Those Who Seek to Control Others Know Power, Those Who Seek to Control Themselves Know the Way*
— Lao Tzu; The Tao Te Ching
There’s been a lot of sturm and drang in the comments recently, not just today, about all is lost, there’s no way out, we’re doomed. This has often been married to doom and gloom about the primary, the differences between the candidates, and whether idealism, incrementalism, or pragmatism is the way to win the 2020 election. How about we all just step back, take a deep breath, and focus on the actual fight that is the 2020 campaign. That fight has five components:
- Winning the presidential election
- Keeping the majority in the House
- Winning back the majority in the Senate
- Holding the governors’ mansions and state legislatures currently in Democratic hands
- Flipping as many governors’ mansions and state legislatures as possible
The fourth and fifth components are important to set the conditions for a more representative redistricting after the 2020 census. The first three are important for other reasons. Maintaining the Democratic majority in the House is a necessary, but not sufficient requirement to return the US back to a solid political and economic footing.
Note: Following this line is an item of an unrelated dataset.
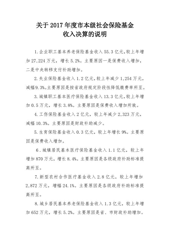 关于2017年度市本级社会保险基金收入决算的说明.doc

Retaking both the presidency and the Senate are both necessary and sufficient requirements to actually being able to do so. If the Democrats retake the presidency, but don’t retake the Senate, the next president will be a lame duck before her or his hand ever comes off the bible at the inauguration. No one they nominate, for political or judicial or diplomatic appointments, will ever get a vote. Nor will any legislation that passes a Democratic majority House, other than, perhaps, continuing resolutions to keep the government running at a previous year’s top line budget number. Right now the only way to reverse the damage that has been done, and to ensure that we get good policy on the climate and the environment, on immigration, on healthcare, on the economy including trade, and on criminal justice is to not just be able to pass laws through both chambers of Congress, but to have a Democratic president to sign that legislation and her or his political appointees in place to administer the executive branch agencies and fill judicial vacancies.
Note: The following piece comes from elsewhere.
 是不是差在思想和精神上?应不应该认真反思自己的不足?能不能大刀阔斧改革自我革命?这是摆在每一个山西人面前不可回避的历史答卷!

The only good news out of Senator McConnell’s court packing scheme, and that’s what it was a decades long strategy to achieve a Republican majority in the Senate and a Republican president to fill the vacancies that McConnell abused the Senate to keep vacant, is that almost every judicial vacancy that McConnell has filled was a judgeship that was held by a judge appointed by a previous Republican president. Retaking the Senate stops this before McConnell can replace the last batch of Bush 41 judicial appointees still serving, as well as the older Clinton and Bush 43 judicial appointees who will begin to retire. And it also stops him from replacing the next three Supreme Court judicial vacancies, vacancies that are likely to come open over the next several years whether we’d like them to or not. And yes, I fully expect that even as I write this, McConnell and members of the White House Counsel’s Office and Leonard Leo are working on Justice Thomas to get him to retire next year to both prevent a potential Democratic president from being able to replace Thomas after 2021 and to once again put the Supreme Court majority in play as a successful campaign strategy to both reelect the President and maintain a Republican majority in the Senate.
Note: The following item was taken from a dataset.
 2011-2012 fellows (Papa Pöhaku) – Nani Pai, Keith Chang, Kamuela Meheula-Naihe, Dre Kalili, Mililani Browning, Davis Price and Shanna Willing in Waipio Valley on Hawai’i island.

That reality recognized, this is all in our hands. We have the ability, we have the power to elect a Democratic president in 2020 and a Democratic majority in the Senate, as well as maintain the Democratic majority in the House. This is what the 2020 election is all about. And yes, it is about healthcare, immigration, climate, environmental, economic, foreign, defense, criminal justice, and trade policy, but it isn’t actually about whether to take an incremental approach versus a revolutionary approach. Or something in between. It isn’t really about a choice between VP Biden or Senator Warren or Senator Harris or Senator Sanders or any of the other Democratic primary candidates. The simple reality we face as Americans is that nothing positive, not a single damn thing, is possible on healthcare, immigration, the climate, the environment, the economy, foreign policy, defense policy, criminal justice, and/or trade policy if the President is reelected and if the Senate remains in Republican hands. The real issue right now isn’t whether VP Biden’s healthcare plan is too incremental or whether Senator Sanders is too idealistic and therefore unrealistic and improbable. And that either of them have the ability to deactivate Democratic voters because they’re not having their ideological pleasure centers tickled. At the Federal level, the real issue is electing a Democrat president with a Democratic majority Senate and maintaining the Democratic House. That’s it. Almost any of the Democratic primary candidates is acceptable given this reality. And even a one seat Democratic majority in the Senate is as well.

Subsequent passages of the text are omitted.